A: We apologize for this error and thank you for your careful attention. The F1 score improvement on the ChEMBL dataset should be 12.88% (although this does not affect the conclusion of a significant improvement). In the final version, we will correct this point.
W4: Citation for basic solutions. (a) Additional citations for one-vs-one classification. (b) Two-vs-rest classification hasn't been reported in the literature before.
A: Thank you for your suggestion. (a) We will add additional references to this classic and long-standing algorithm in the main text. (b) In fact, when we first came up with this idea, we also considered whether there were related works, but we were unable to find any. We believe this approach is both interesting and effective, as combining improved classical machine learning strategies with simple deep networks can surpass the existing complex network architectures, including LLMs.
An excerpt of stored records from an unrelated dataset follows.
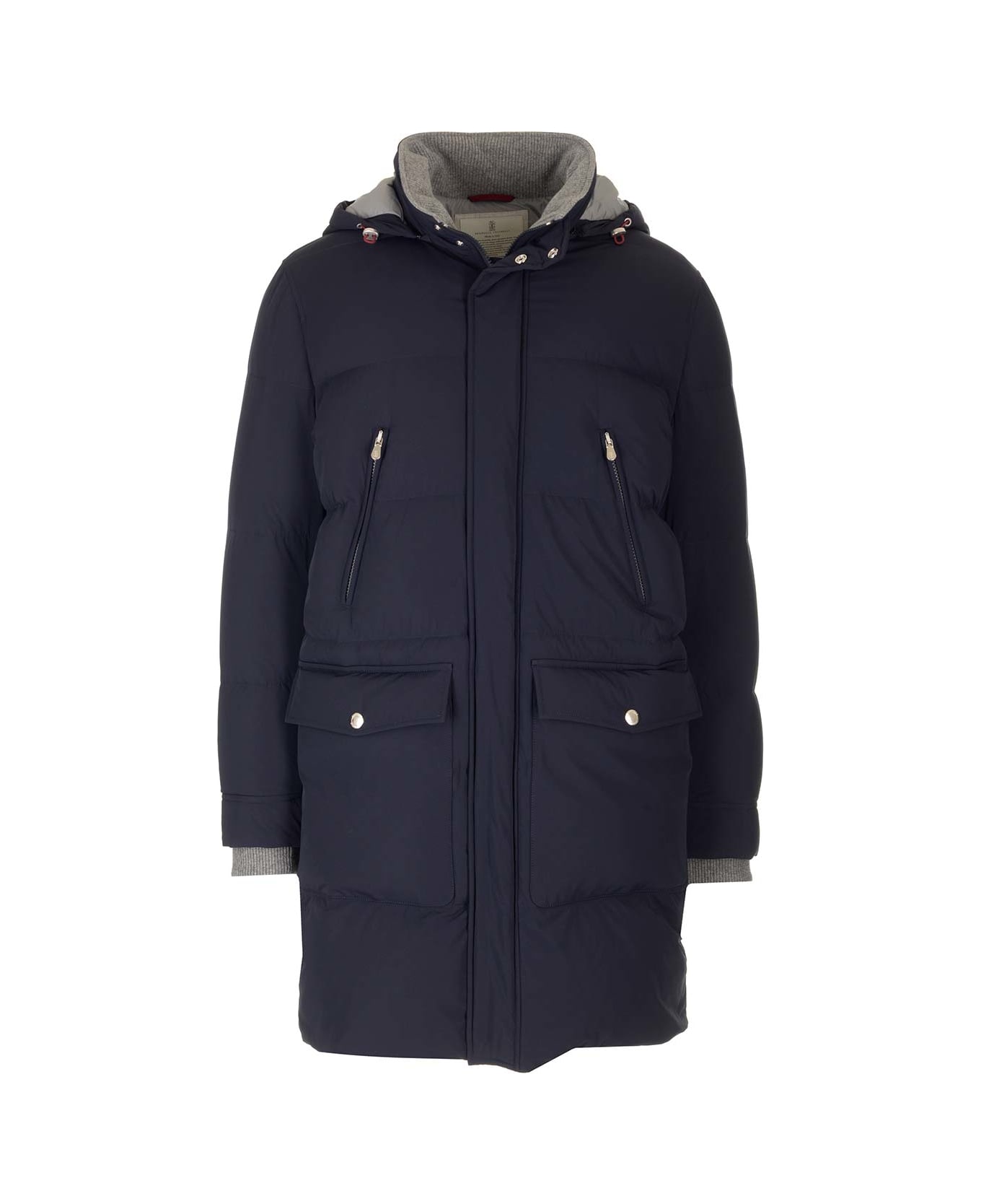 Long down jacket in water-repellent blue quilted nylon by Brunello Cucinelli. High quality padding combined with a collar with ribbed knit inserts and a removable, lined and adjustable hood with drawstring. Regular fit, double zip and button closure. Two internal pockets with button and a pen holder. High pockets with zip, ribbed knit cuffs and bottom.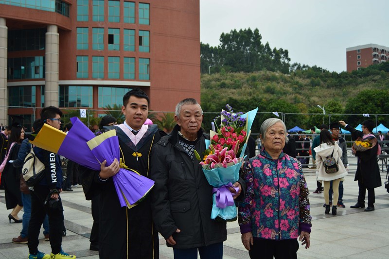 今天,亲友团们早早就入场为毕业生们送上祝福。好朋友们捧着鲜花,带上最诚挚的祝福来到现场。相信每个家长也都期待过这么一天,打扮得美美的去参加孩子的大学毕业典礼。他们不惜舟车劳顿早早赶来,只为亲眼见证孩子穿上学士服的那一刻。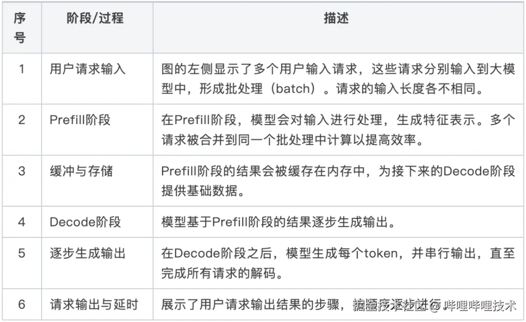 在推理过程中,大模型的推理可以分为Prefill阶段和Decode阶段。如图(3)所示,这幅图描述了大模型推理的流水线过程,主要分为两个阶段:Prefill阶段和Decode阶段。以下是对图中每个部分的解释: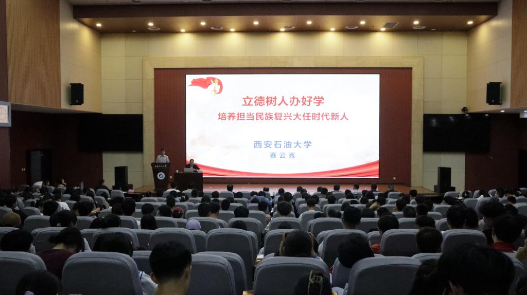 6月1日下午,学校在鄠邑校区弘石学术报告厅举行校领导讲授学习贯彻习近平新时代中国特色社会主义思想主题教育专题党课活动,校党委书记赛云秀为研究生党员讲授了题为《立德树人办好学 培养担当民族复兴大任时代新人》的专题党课。专题党课由副校长苏文甫主持。

In the final version, we will supplement the relevant descriptions.
We thank all reviewers for the time spent reviewing the paper and recognizing the advantages of our work as follows:
- Significance: "an important but long-been-overlooked problem" & "Noticeable improvement" & "The experimental design is solid" - xMku, "Strong theoretical foundation" & "Superior handling of tail classes" - C1Wv, "performance improvements over many baselines"- QcRP, "Comprehensive empirical validation and thorough ablation studies" - ZQ3u
- Novelty: "novel two-vs-rest pairwise classifier"- QcRP, "A novel tri-comparison expertise training strategy"- ZQ3u, "an innovative upgrade" - Ev5A, "Novel tri-comparison strategy" & "clever from a machine learning perspective" - C1Wv
- Presentation Quality: "well organized and presented" & "easy to understand" – xMku
- Applicability: "applying this algorithm to other scenarios" – Ev5A, "Potential for generalization to other interaction domains" – C1Wv.
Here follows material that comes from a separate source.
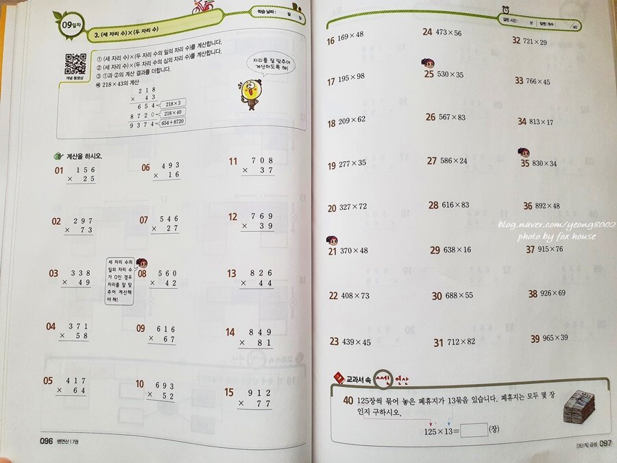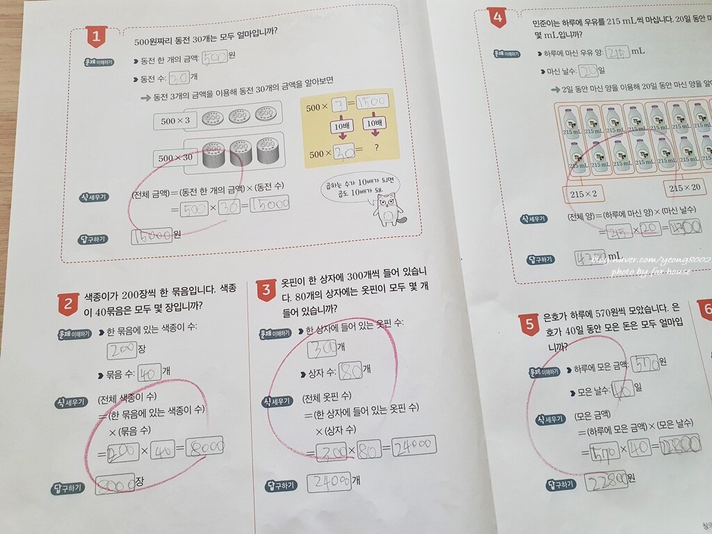 4학년이 되었다고 곱셈도 수가 확 커졌구나.

We have endeavored to consider the feedback as comprehensively as possible, leading to a revision process that significantly honed the paper. We have addressed every point in our responses and are happy to follow up on any aspect during the discussion phase. Specifically, we have tackled stated weaknesses (W), questions (Q) with detailed answers (A).
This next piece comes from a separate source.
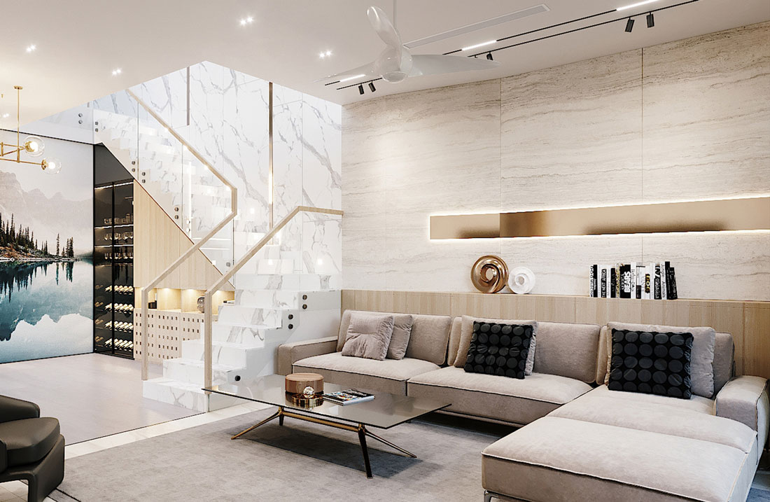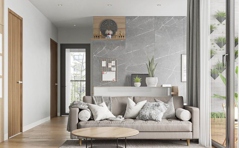 Gạch ốp tường phòng khách vân đá tôn lên sự sang trọng cho phòng khách.

For common reviewer concerns, we provide the following important clarifications and additions:
- Problem addressed: Our method aims to improve multi-class classification in highly imbalanced datasets, particularly focusing on the challenges in drug-target mechanism prediction.
- Experimental setup: During the 5-fold cross-validation training, we only used the GtoPdb training set. For testing, we evaluated the metrics on both the GtoPdb test set (internal test) and the entire ChEMBL dataset (external test) using the trained models.
- Metric explanation: Accuracy reflects overall performance but is biased toward head classes. F1 score balances precision and recall, making it the most relevant metric for our imbalanced task.
- Additional experimental baselines: We have included the latest 2024 baselines, including a cross-modal LLM with 252M parameters.
Finally, we would like to express our appreciation once again for the reviewers' constructive comments and careful reading, which undoubtedly lead to enhancing the quality of our work.
Dear Reviewers,
I hope this message finds you well. First and foremost, we would like to sincerely thank you for your time and thoughtful feedback on our work. We deeply appreciate your insights and have made revisions and additions based on your suggestions.
We have provided the detailed response to each comment of all reviewers. At your convenience, we would greatly appreciate it if you could review our response and let us know if any further adjustments are needed.
We understand that the review process takes time. If there are any additional questions or if you need further clarification, please do not hesitate to reach out.
Thank you once again for your time and consideration. We look forward to hearing from you and hope for further feedback soon.
Best regards,
Submission6294 Authors
I have read and agree with the venue's withdrawal policy on behalf of myself and my co-authors.